Deploy PHP Laravel App to AWS Elastic Beanstalk using GitHub Actions
This article demonstrates how to deploy a PHP (Laravel) application to Elastic Beanstalk using GitHub Actions. A breakdown of the article is as follows.
- Create IAM User for AWS S3 and EBS access.
- Create an S3 bucket for storing deployment packages.
- Add credentials to GitHub repository secrets.
- Start with GitHub Actions – main.yml.
- Create CI/CD pipeline with main.yml file.
- Deploy to Elastic Beanstalk from GitHub.
We recommend reading this article without skipping any sections, as it will surely add alot of value.
Before We Deploy Laravel to Elastic Beanstalk from GitHub
If you’re replicating the steps of this walkthrough, make sure you do the following.
- Fork or clone this Laravel repository from GitHub.
- Deploy the PHP Laravel application to Elastic Beanstalk.
Our CloudOps Articles on Hosting Laravel Apps on AWS & Beanstalk
What are GitHub Actions?
GitHub Actions is a CI/CD platform.

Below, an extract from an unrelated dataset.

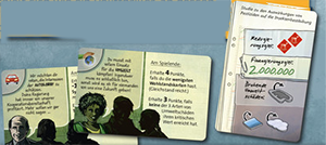 | Bei Kyoto hält jeder Spieler seine beiden Agendakarten (l.) geheim. Sie geben an, welchen Lobbys er angehört und welche "Belohnungen" am Spielende warten. Voraussetzung: Er handelt entsprechend den Lobbyzielen, wenn pro Runde eine Umweltstudie (r.) veröffentliicht wird . Bilder: Deep Print |

It automates your build, test, and deploy pipeline. Continuous Integration/Continuous delivery (CI/CD) is a popular standard in agile software development. The motive of a CI/CD pipeline is to automate all the processes involved in pushing applications to production.

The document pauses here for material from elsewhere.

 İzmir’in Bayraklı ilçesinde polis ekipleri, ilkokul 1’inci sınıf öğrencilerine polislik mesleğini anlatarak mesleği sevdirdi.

Speed is a crucial feature in agile software development, and that’s why CI/CD exists to automate workflows and quickly deploy application sprints all the way to production. Here’s a gentle introduction to CI/CD.
GitHub Actions is built-in into GitHub and run workflows on corresponding events. These workflows go beyond the scope of DevOps and add many other functionalities – for instance, linting and sanity checks, commit message validation, and so on. Read more about GitHub Actions.
Workflow for Deploying our Laravel PHP App to Elastic Beanstalk using GitHub Actions
Here’s a block diagram that visualizes the complete workflow that we are going to bring to life in this article.
A textual overview of this workflow is as follows.
- The developer pushes a commit to the repository.
- On code push, GitHub Actions triggers the workflows and deploy the latest repository version to an S3 bucket.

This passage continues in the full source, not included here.